Enrollees throughout the earnings spectrum can count on huge will increase in premium funds
Enrollees with incomes above 400% of poverty might be topic to massive will increase in premium funds if enhanced premium tax credit expire. On common, a 60-year-old couple making $85,000 (or 402% FPL) would see yearly premium funds rise by over $22,600 in 2026, after accounting for an annual premium enhance of 18%. This could deliver the price of a benchmark plan to a couple of quarter of this couple’s annual earnings, up from 8.5%. In the meantime, a 45-year-old incomes $20,000 (or 128% FPL) in a non-Medicaid enlargement state would see their premium funds for a benchmark plan rise from $0 to $420 per 12 months, on common, from the lack of enhanced premium tax credit. About half (45%) of ACA Market enrollees have incomes between 100-150% of poverty, a couple of fourth (28%) have incomes between 150-250% of poverty, and roughly 1 in 10 have incomes above 400% of poverty.
Strategies
The common financial savings by earnings group for 2024 had been taken from the 2024 Open Enrollment report.
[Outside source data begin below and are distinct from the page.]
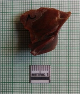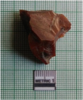 | Description / विवरण | The flake has surfacial flake scars and truncated flaking for retouch. Jasper flake is dark brown in color with median ridges. |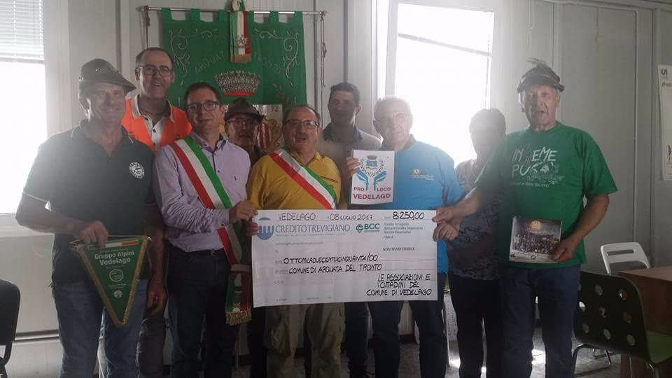 Nel corso della Giornata della Solidarietà “Amatriciamoci un pranzo solidale” tenuto lo scorso ottobre presso il Borgo rustico di Villa Emo, era stata raccolta la somma di € 8.250,00. La delegazione di Vedelago ha consegnato la somma al Sindaco di Arquata del Tronto Aleandro Petrucci, per la realizzazione del nuovo Centro Polifunzionale di Arquata.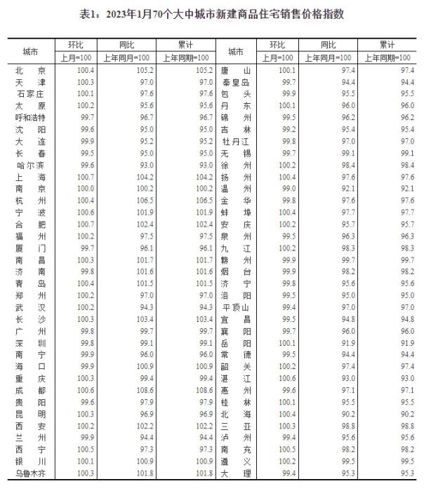 2023年1月份,70個大中城市中商品住宅銷售價格環(huán)比上漲城市個數(shù)增加;一線城市商品住宅銷售價格環(huán)比轉漲、二三線城市環(huán)比降勢趨緩,一線城市商品住宅銷售價格同比上漲、二三線城市同比下降。
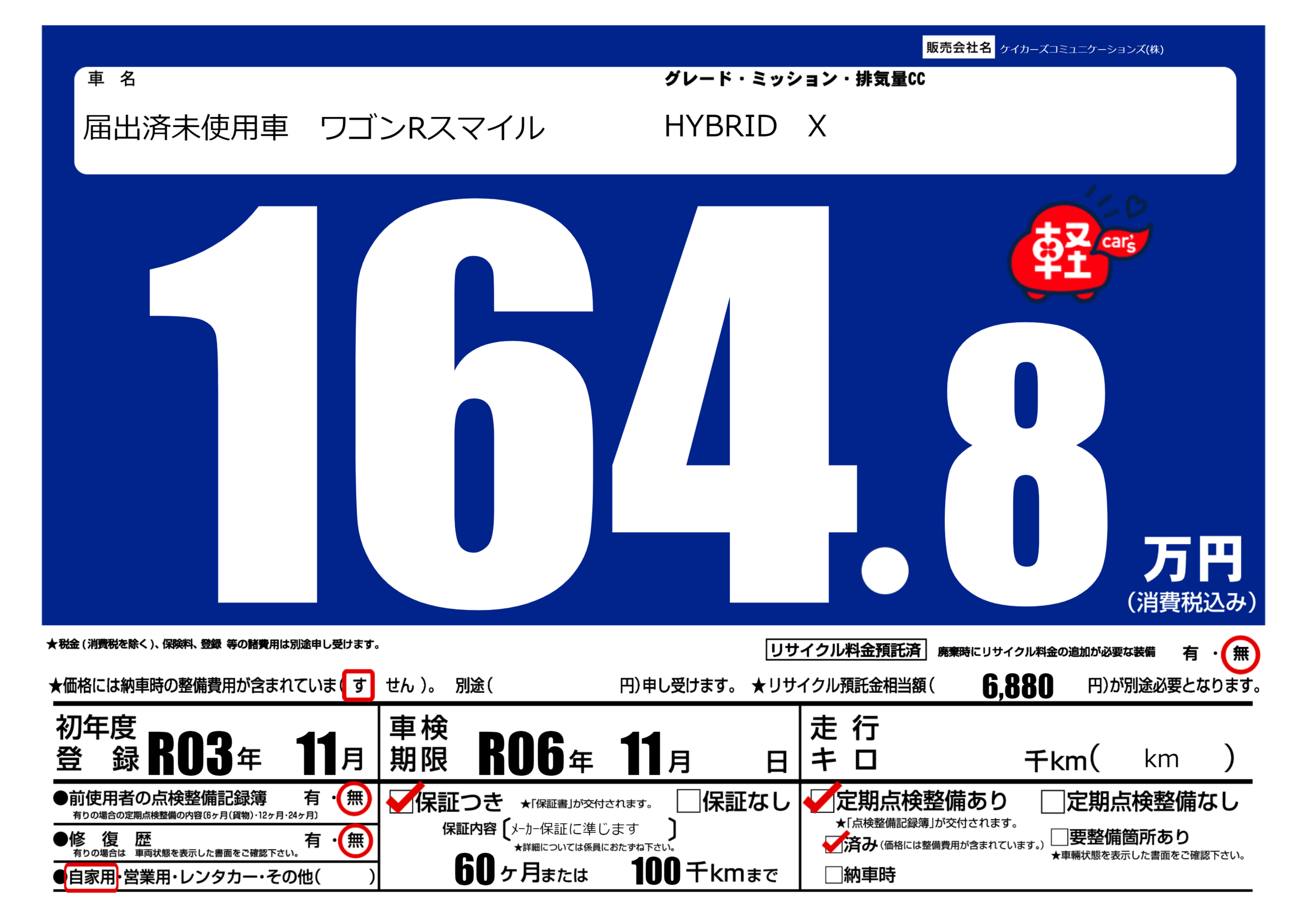 | 車名 | 届出済未使用車 ワゴンRスマイル | グレード ミッション 排気量 |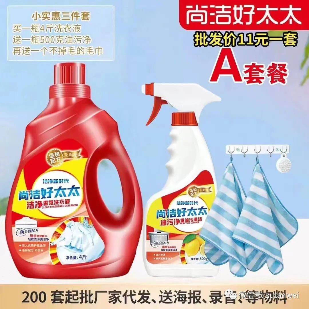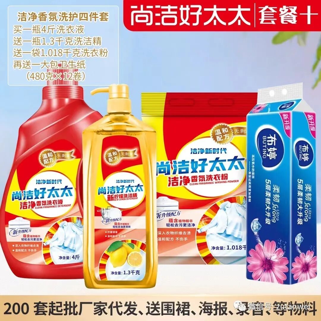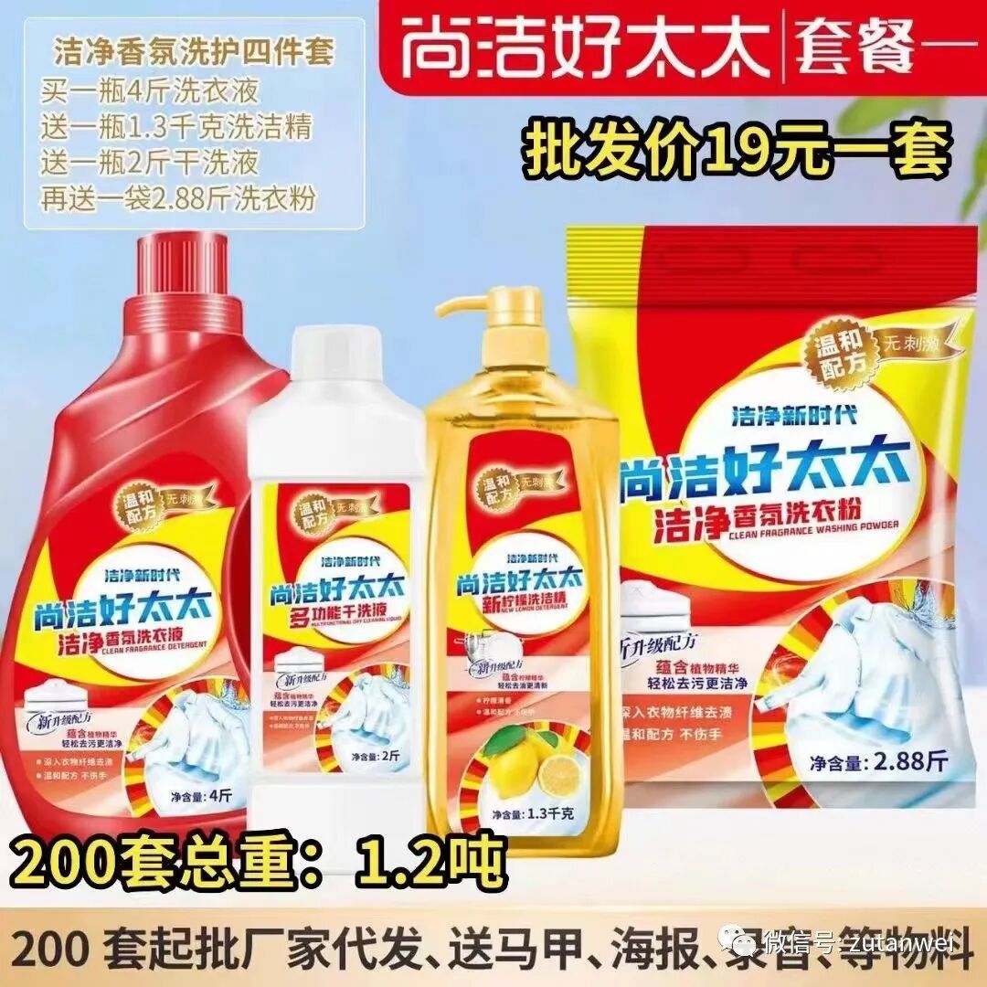 尚洁好太太!四件套!买一瓶四斤重洗衣液!送一瓶1.3公斤洗洁精!送一包二斤重洗衣粉!再送一提卷纸12卷装!昊鑫隆团队10多年来专注地摊货源(小商品)货源批发,公司所有产品都可以混合发货,新客户下单请添加客服微信号:18967406768 老客户直接在微信上咨询下单!2023 年当季热销的货源不断更新中。。。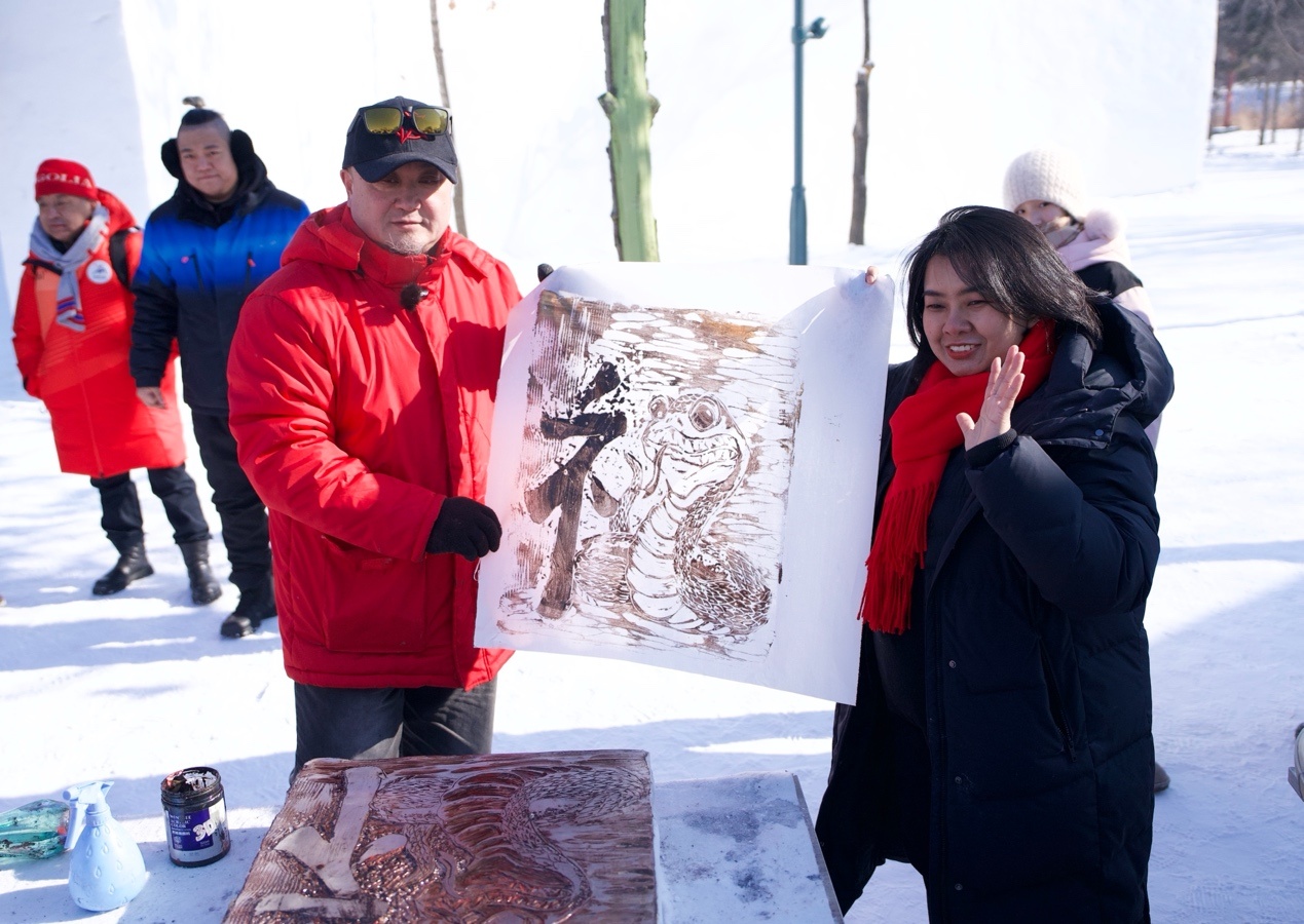 泰國駐華大使館二等秘書王安安在黑龍江省藝術(shù)研究院冰版畫研究院副院長盛琰的指導(dǎo)下,制作出冰版畫《畫蛇添?!?,用蛇的形狀和漢字的偏旁部首組合雕刻出漢字“?!辈⑼赜〕鰜?,寄托對(duì)中國農(nóng)歷蛇年的祝福。

The common yearly premium financial savings from enhanced premium tax credit (ePTC) for enrollees underneath 400% FPL had been outlined because the sum of the variations between the required contribution quantities with and with out ePTC, utilizing the estimated p.c of plan choices with ePTC by earnings class and assuming a uniform earnings distribution inside every class. To extrapolate to 2026, earnings was inflated by the ratio of the 2025 federal poverty tips to the 2023 federal poverty tips for a person within the continental US. For every earnings class, the financial savings had been assumed to develop because the ratio of the financial savings between 2026 and 2024. Attributable to a provision within the reconciliation invoice associated to sponsored ACA Market eligibility for immigrants, no enrollees underneath 100% FPL are assumed to obtain premium tax credit in 2026 and are thus not included within the calculation of common financial savings. For enrollees at or above 400% FPL, financial savings had been outlined as distinction between the typical unsubsidized premium and eight.5% of the typical particular person earnings, the required contribution underneath the improved tax credit for enrollees on this earnings class. For 2026, the typical unsubsidized premium was assumed to be 18% increased than the 2025 common unsubsidized premium, based mostly on evaluation of rate filings. Calculations assume that there aren’t any modifications in plan choice, household composition, earnings relative to FPL, and geography between 2024 and 2026. The annual premium fee for 2026 contains the estimated financial savings from enhanced tax credit in 2026 and the typical premium fee amongst sponsored enrollees in 2025 obtained from the 2025 Open Enrollment State-Stage Public Use File. State-funded subsidies may offset some will increase of premiums however are usually not accounted for within the estimation. Numbers from the Open Enrollment report for estimated shopper APTC financial savings as a result of ARP and IRA by earnings class (Desk 8) had been reported as entire numbers; a Monte Carlo methodology was used to account for this rounding, preserving all observations that rounded to the grand imply listed within the report.